STORED DATA:
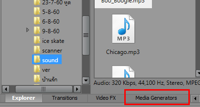 - ต่อมา มุมบนซ้าย มีส่วนที่ใช้ประจำคือ Explorer ใช้ตอนเราจะเลือกไฟล์เข้ามาตัดต่อ ตรงมุมนี้เราสามารถเลือกรูปแบบที่แสดงไฟล์ได้ค่ะ เลือกแบบ
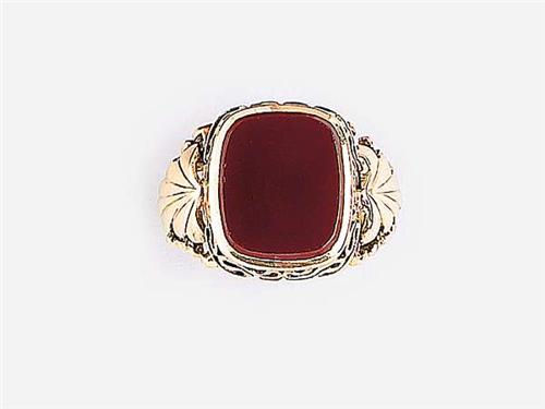 14 K gold, cornelian decoration on the head, flanked by leaves, circa 1940, marked, weight: 11.0 g, diameter: 20.3 mm.
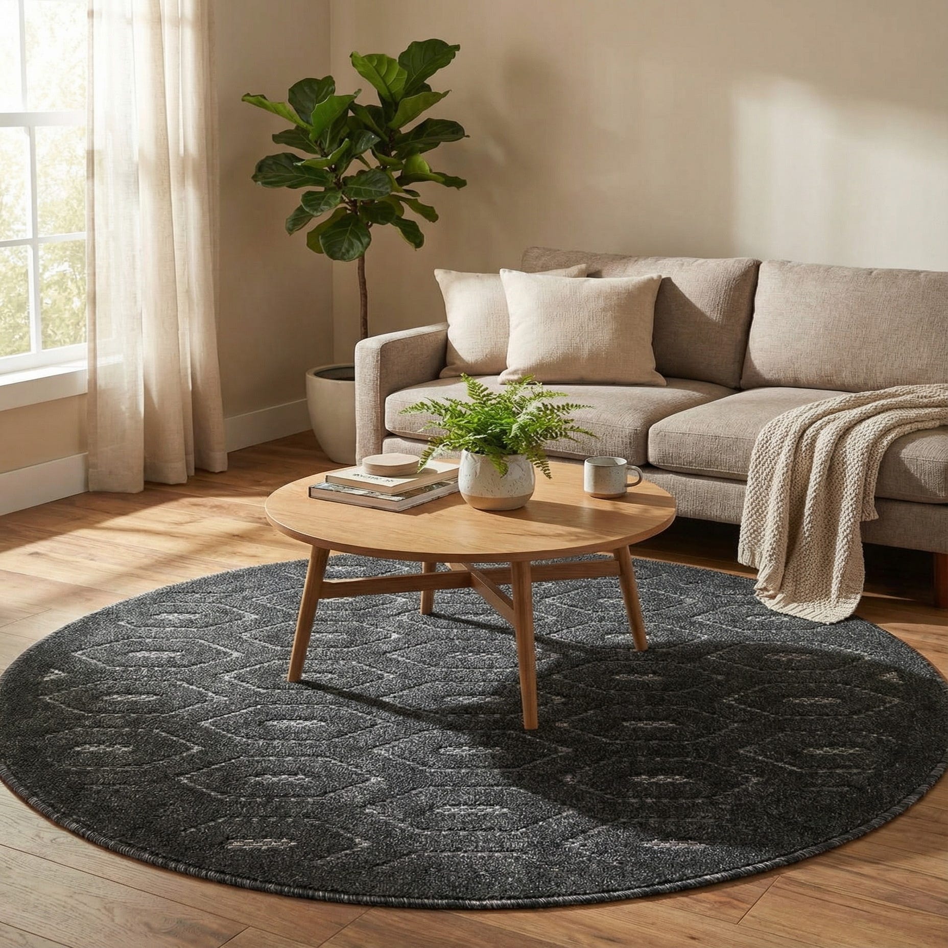 3' x 3' Washable Trellis Textured Indoor / Outdoor Round Rug
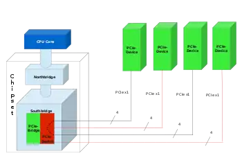 Un sistem PCIe este compus din legături PCIe care interconectează un set de componente. Principalele componente ale acestei topologii sunt un complex rădăcină, multiple puncte terminale (dispozitive de I/E), un comutator și o punte PCIe-PCI, interconectate prin legături PCIe.

PROBLEM REQUIREMENTS: An exact transcription of the listing is required, and it must contain no pictures.

TASK RESULT:
 - ต่อมา มุมบนซ้าย มีส่วนที่ใช้ประจำคือ Explorer ใช้ตอนเราจะเลือกไฟล์เข้ามาตัดต่อ ตรงมุมนี้เราสามารถเลือกรูปแบบที่แสดงไฟล์ได้ค่ะ เลือกแบบ
 14 K gold, cornelian decoration on the head, flanked by leaves, circa 1940, marked, weight: 11.0 g, diameter: 20.3 mm.
 3' x 3' Washable Trellis Textured Indoor / Outdoor Round Rug
 Un sistem PCIe este compus din legături PCIe care interconectează un set de componente. Principalele componente ale acestei topologii sunt un complex rădăcină, multiple puncte terminale (dispozitive de I/E), un comutator și o punte PCIe-PCI, interconectate prin legături PCIe.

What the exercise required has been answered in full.